The Bach Festival of Philadelphia turns 29 this season. It is a cause for celebration, to be sure, but in a very real sense, the festival has been reborn. It began life as a labor of love for the founder and then director of the Philadelphia Singers, Michael Korn. Korn was a masterful director of the great choral works of Bach and used his reputation to attract many superb musicians. Korn's tragic death in 1991 was a major loss to the Philadelphia music community and signaled a somnolent period for the Bach Festival, which contracted into a series of small, poorly marketed concerts and recitals in Chestnut Hill.
Perhaps sensing an imminent demise, the festival's board of directors called upon the venerable conductor (and Philadelphia resident) Jonathan Sternberg to assume the post of artistic director in March last year. Guido Houben was also brought in as executive director. This turns out to be a fascinating and dynamic pairing. Houben, a German born and trained composer, has done post graduate work in nonprofit management, combining musical and marketing acumen in a way that has introduced notable vitality and imagination into the enterprise. Sternberg, an extremely well-connected eminence grise, is reinvigorating the Festival with diverse talent, including soprano Julianne Baird and pianist Charles Abramovic. He is himself a true pioneer in the field of contemporary baroque performance, as the conductor of some of the first recorded performances of Bach's cantatas in 1951.

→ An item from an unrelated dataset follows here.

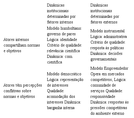 Peter Maasen e Johan Olsen (2007) propuseram uma tipologia interessante para se entender as diferentes lógicas institucionais que predominam em diferentes arranjos de governança das universidades. A tipologia propõe distinguir as instituições universitárias considerando duas dimensões: o grau de convergência dos valores sustentados por diferentes atores internos acerca das normas e objetivos da instituição; e a relevância maior ou menor dos fatores externos na determinação das mudanças experimentadas pela instituição. Assim, a tipologia proposta por esses autores distingue 4 tipos diferentes de instituição universitária (quadro 1, abaixo):

Sternberg might just as well be speaking about his new job when he declares that "baroque music has a new lease on life." As an artist who has seen Bach performance undergo a sea-change in scholarship and audience appreciation in a generation, he is quick to cut through the debates over how to play the music. "What bothers me is that we are living in a celebrity culture, and Bach is no longer the celebrity but the performers are." He is sanguine on the subject of the authenticity of the instruments, a matter of tremendous interest among many younger performers. "We can play Bach perfectly fine on our new contraptions."

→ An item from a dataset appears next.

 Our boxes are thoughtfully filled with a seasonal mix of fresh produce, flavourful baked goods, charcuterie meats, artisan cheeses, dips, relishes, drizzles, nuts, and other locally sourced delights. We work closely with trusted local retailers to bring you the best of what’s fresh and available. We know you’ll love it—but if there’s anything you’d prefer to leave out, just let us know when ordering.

The festival has concerts planned for the whole season, which continues through June, but the coming days are a climax of activity with seven Bach programs in the offing. Four relatively unknown Lutheran masses will be performed as integral religious ceremonies at four Philadelphia churches, utilizing the exceptional musical faculties at the specific institutions. The culmination of that series will be two performances of a fifth mass, the mighty Mass in B Minor, one as a religious ceremony and one as a concert performance, both under the baton of Maestro Sternberg with the Bach Festival Orchestra and a trim vocal company supplied by the fine locally based Voces Novae et Antiquae. This magnificent work is a cornerstone of Western music, and Sternberg is far from alone when he sings its praises. "I discover new things in it every time I encounter it. It is one of the most incredible pieces of music ever written."
The Mass in B Minor, like all of Bach, gives the musicians very little concrete direction about performance practice. "There is absolutely no indication whatsoever about tempi and dynamics," declares Sternberg. His inclination, hewing back to an earlier style of Bach playing, is to slower tempi than are currently fashionable. "I have a private recording of the music conducted by Georges Enescu [the great Romanian composer and musician] that is remarkable. It is slower than anything you hear today, and it makes the music sound much more religious."
Bach spent part of his career as a religious composer, but he also had a considerable stint as a court composer writing exclusively secular music. Two other concerts feature music from that second world, including a a recital by the extraordinary pianist Jeremy Denk that is a co-venture with the Philadelphia Chamber Music Society. There will also be a special concert centering around a single piece of music, the great "Chaconne" from the Partita for Solo Violin in D minor. This magical work has fascinated many composers through the ages, and it has received many interesting treatments, including piano versions by Brahms (for left hand alone) and Busoni, a piano and violin arrangement by Schumann, and a solo guitar edition by Segovia. All of those manifestations will appear on a recital Tuesday evening, beginning with the original as played by Philadelphia Orchestra violinist Jason DePue. Later in the season, two other instrumental masterpieces are scheduled, The Art of the Fugue and Musical Offering.
Sternberg vividly recalls the excitement that his early recordings of Bach generated among the music-loving public. Those efforts ignited a fire that still burns today. "The music is loved even more now."